Override spec.storage.storageClassName when you want a faster class than the cluster default; verification wall-clock time scales roughly linearly with datadir write throughput.

Failure handling and keepOnFailure

On Succeeded, the ephemeral Pod and PVC are always deleted after spec.ttlSecondsAfterFinished (default: immediately).

On Failed, the default (spec.keepOnFailure: true) leaves the Pod and PVC in place so operators can kubectl exec into the verification instance, tail its mysqld error log, or attach an interactive mysqlsh session to inspect whatever the load got as far as. Failed verifications are still GC'd by the retention sweep once they drop out of the keepFailures window.

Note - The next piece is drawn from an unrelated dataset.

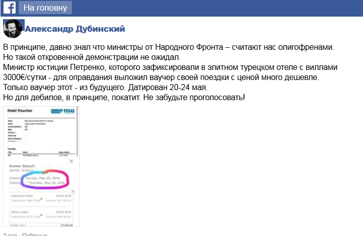 Но такой откровенной демонстрации не ожидал. Министр юстиции Петренко, которого зафиксировали в элитном турецком отеле с виллами 3000€/сутки - для оправдания выложил ваучер своей поездки с ценой много дешевле. Только ваучер этот - из будущего. Датирован 20-24 мая. Но для дебилов, в принципе, покатит. Не забудьте проголосовать", -аписал Дубинский в Facebook.

Set keepOnFailure: false on a one-off CR to force full cleanup even on failure — useful for repeated-probe use cases where the failure signal alone is what you care about.

Concurrency

The reconciler refuses to run two verifications against the same (group, profile) pair simultaneously. Newer CRs land in Failed with the BlockedByActiveVerification condition reason. Scheduled runs use concurrencyPolicy: Forbid by default so this rejection is rare; it mostly protects against kubectl create being issued right as the nightly schedule fires.

Metrics

Verification metrics mirror the bloodraven_backup_* family and share the (group, profile) label set:

MetricTypeMeaning
bloodraven_backup_verified_timestamp_secondsGaugeUnix time of last Succeeded verification — the freshness gauge
bloodraven_backup_verification_last_attempt_timestamp_secondsGaugeUnix time of last terminal attempt, success or failure
bloodraven_backup_verification_runs_totalCounterTerminal attempts by result="success" or result="failure"
bloodraven_backup_verification_duration_secondsHistogramWall-clock duration from StartTime to CompletionTime
bloodraven_backup_verification_replay_lag_secondsGaugecompletionTime − replayedThroughBinlog.timestamp (Succeeded + PITR)

Alerts

The obvious alert is staleness on the freshness gauge:

# Verification hasn't Succeeded in more than 48h:
time() - bloodraven_backup_verified_timestamp_seconds > 48 * 3600

And a failure-rate alert for fast signal:

# More than 2 failed verifications in 24h:
increase(bloodraven_backup_verification_runs_total{result="failure"}[24h]) > 2

Inspecting results

kubectl get mysqlbackupverifications -A
# Group Profile Phase Started Completed Age
# orders nightly Succeeded 12m 2m 12m

kubectl describe mysqlbackupverification orders-nightly-20260420
# ... includes status.backupRef, status.durationSeconds, conditions

The CR's owner references point back at the MysqlFailoverGroup, so deleting the group cascades through verifications along with the rest of its managed state.

Security

  • The verification Pod runs with the same hardened pod- and container-level SecurityContext as backup / restore Jobs (RunAsNonRoot, ReadOnlyRootFilesystem, RuntimeDefault seccomp, capability drop ALL).
  • Credentials flow through files mounted under /run/bloodraven/mysql-creds, never environment variables.
  • The ephemeral mysqld binds 127.0.0.1 only — no Service is created, so the verification instance is not reachable from anywhere outside the Pod's network namespace.

Known limitations

  • No backup encryption support — will follow wishlist #13.
  • No kubectl bloodraven verify-backup subcommand yet — will follow wishlist #18.
  • The Checking phase value is defined in the CRD enum but the reconciler does not currently transition through it at runtime; the sanity query runs inside the same Job container as the restore and the phase goes Restoring → Succeeded|Failed directly. Sanity results land on status.sanityCheck either way.